REPONSE DE MADAME EDMONDE JARDIN (AGIR ENSEMBLE POUR VAIRES)
« Ce n’est pas une décision supplémentaire, mais un complément d’étude. »
REPONSE DE MONSIEUR DIDIER DESFOUX (AGIR ENSEMBLE POUR VAIRES)
« Une étude avait été faite sur la transformation du terrain de foot en terrain synthétique.
On s’est aperçu qu’il était nécessaire également d’avoir une étude sur l’ensemble du devenir du parc Roger Sauvage parce qu’il y avait également une demande d’éclairage sur différents terrains de sport, donc cela impactait sur l’usage de l’ensemble de ces terrains.
On s’est aperçu également qu’il manquait à Vaires sur Marne potentiellement une piste d’athlétisme qui serait bien utile à terme.

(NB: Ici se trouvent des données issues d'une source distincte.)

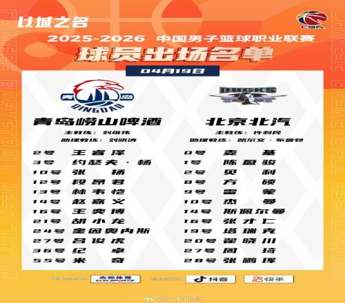體育播報4月19日宣 今晚19:35CBA常規(guī)賽焦點戰(zhàn),青島對陣北京。賽前雙方公布了本場大名單:

Donc il est nécessaire de réfléchir non pas que pour le terrain de foot mais pour tous les autres terrains et différents usages nécessaires à installer dans ces espaces, ce qui permet d’avoir une vue d’ensemble et une perspective sur plusieurs années. Je ne parle pas d’investissement mais de ce qu’il est souhaitable de faire sur les 5 ou 6 ans à venir voire plus. C’est pour cette raison qu’on a demandé un complément d’étude sur ce volet-là, car il est très intéressant de mettre en perspective l’ensemble de ces aménagements. »

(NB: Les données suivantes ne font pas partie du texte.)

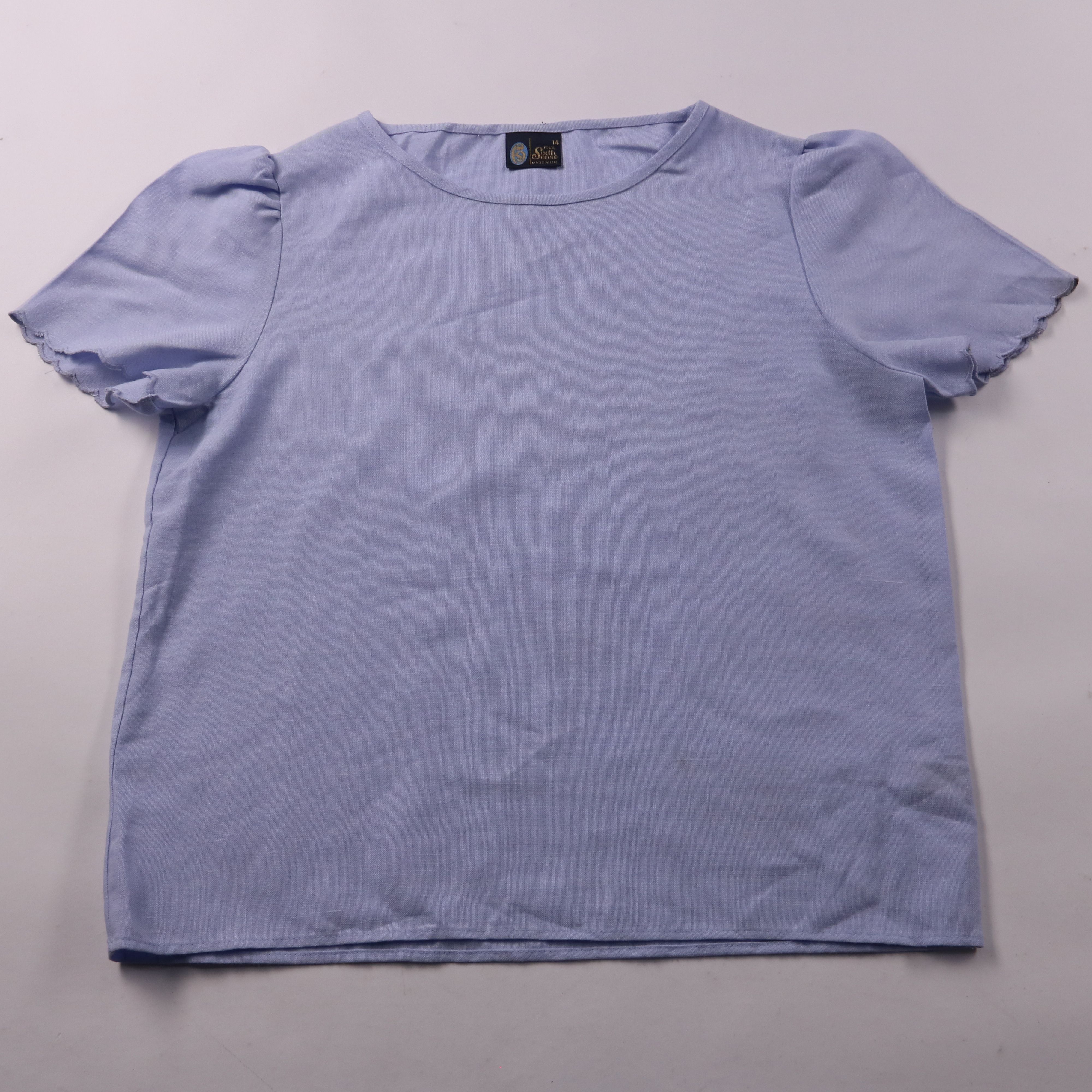 Детская блузка с короткими рукавами-фонариками и круглым вырезом. Подойдёт для школы, праздников и повседневных образов в тёплую погоду. Легко сочетается с юбками и брюками благодаря однотонному цвету.

INTERVENTION DE MADAME ISABELLE RECIO (VIVRE VAIRES)
« Merci de votre réponse. Je voulais juste savoir si vous aviez bien la totalité du dossier parce qu’en effet, si vous me confirmez parce que je ne me rappelle pas de tous les prestataires si c’est bien le même prestataire, il avait bien fait l’étude globale c’est-à-dire avec la piste, éventuellement le choix sur plusieurs terrains. Donc je suis étonnée que vous sollicitiez un nouveau complément d’étude puisqu’il y a avait déjà une étude globale. »
REPONSE DE MONSIEUR DIDIER DESFOUX (AGIR ENSEMBLE POUR VAIRES)
« Je ne sais pas vous répondre là-dessus. On a pris la présentation qui nous a été faite et on a demandé un complément notamment sur les études. Je ne sais ce qui vous a été présentée. Mais cette partie-là n’était pas intégrée.Page 31 sur 31
En tous les cas, nous, nous demandons une réflexion sur l’ensemble des terrains et sur une perspective à beaucoup plus long terme que ce qui était prévu dans l’étude initiale. Ça c’est très clair. »
INTERVENTION DE MONSIEUR GILLES PICART (VIVRE VAIRES)
« Monsieur Desfoux, effectivement, je vous confirme, cette première étude avait été menée, initialement il y avait bien cette perspective d’évolution, terrain synthétique, rénovation de l’éclairage et la perspective d’une piste d’athlétisme, mais je ne sais pas la finesse du dossier, je ne sais pas les différences entre le dossier du jour et ce qui avait été établit précédemment. Je vous remercie. »
Informations diverses
INTERVENTION DE MADAME EDMONDE JARDIN (AGIR ENSEMBLE POUR VAIRES)
« Je vous informe que deux centres de vaccination sont ouverts, l’un à Chelles et l’autre à Pontault-Combault, à partir de lundi.
Les informations sont disponibles en mairie. »
L’ordre du jour étant épuisé, la séance est levée à 18h59.